**Given material**
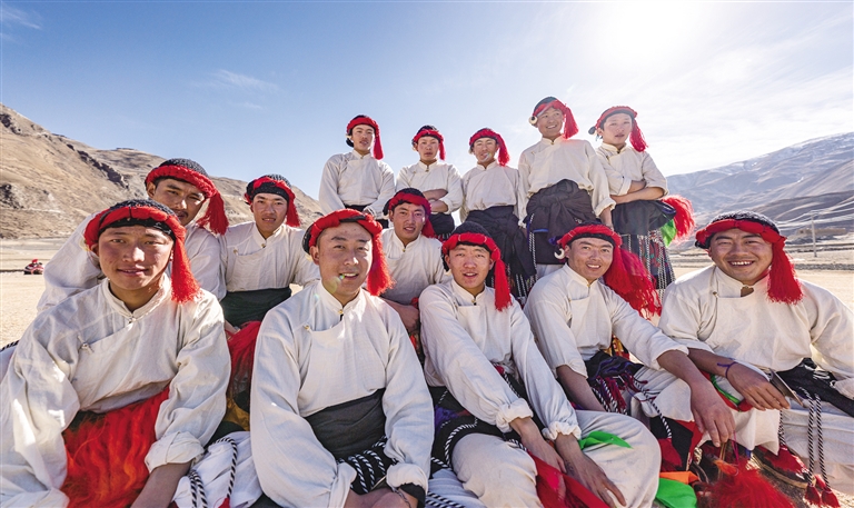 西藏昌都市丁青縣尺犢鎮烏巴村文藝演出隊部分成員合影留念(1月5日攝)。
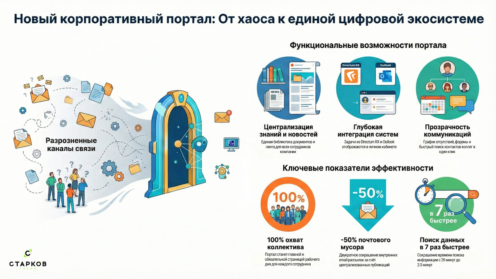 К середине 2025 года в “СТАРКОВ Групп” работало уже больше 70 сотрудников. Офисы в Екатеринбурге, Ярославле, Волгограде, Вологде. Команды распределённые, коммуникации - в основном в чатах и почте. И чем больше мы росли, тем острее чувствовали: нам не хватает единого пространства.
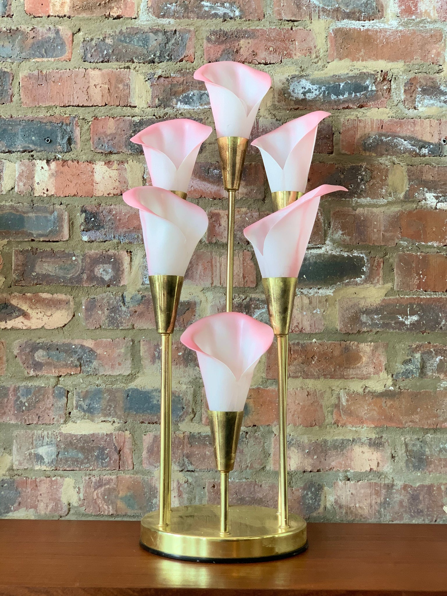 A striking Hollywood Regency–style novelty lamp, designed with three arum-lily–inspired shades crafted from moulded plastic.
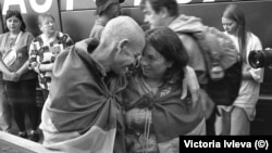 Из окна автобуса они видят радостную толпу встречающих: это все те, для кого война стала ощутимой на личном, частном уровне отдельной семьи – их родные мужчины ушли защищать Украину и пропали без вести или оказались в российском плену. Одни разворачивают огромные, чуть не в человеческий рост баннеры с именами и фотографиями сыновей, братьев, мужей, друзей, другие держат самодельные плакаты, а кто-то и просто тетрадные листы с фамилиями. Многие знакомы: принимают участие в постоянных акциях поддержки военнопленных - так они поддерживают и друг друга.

**Work to complete**
Copy out the full material exactly. Pictures should not appear in it.

**Solution to the problem**
 西藏昌都市丁青縣尺犢鎮烏巴村文藝演出隊部分成員合影留念(1月5日攝)。
 К середине 2025 года в “СТАРКОВ Групп” работало уже больше 70 сотрудников. Офисы в Екатеринбурге, Ярославле, Волгограде, Вологде. Команды распределённые, коммуникации - в основном в чатах и почте. И чем больше мы росли, тем острее чувствовали: нам не хватает единого пространства.
 A striking Hollywood Regency–style novelty lamp, designed with three arum-lily–inspired shades crafted from moulded plastic.
 Из окна автобуса они видят радостную толпу встречающих: это все те, для кого война стала ощутимой на личном, частном уровне отдельной семьи – их родные мужчины ушли защищать Украину и пропали без вести или оказались в российском плену. Одни разворачивают огромные, чуть не в человеческий рост баннеры с именами и фотографиями сыновей, братьев, мужей, друзей, другие держат самодельные плакаты, а кто-то и просто тетрадные листы с фамилиями. Многие знакомы: принимают участие в постоянных акциях поддержки военнопленных - так они поддерживают и друг друга.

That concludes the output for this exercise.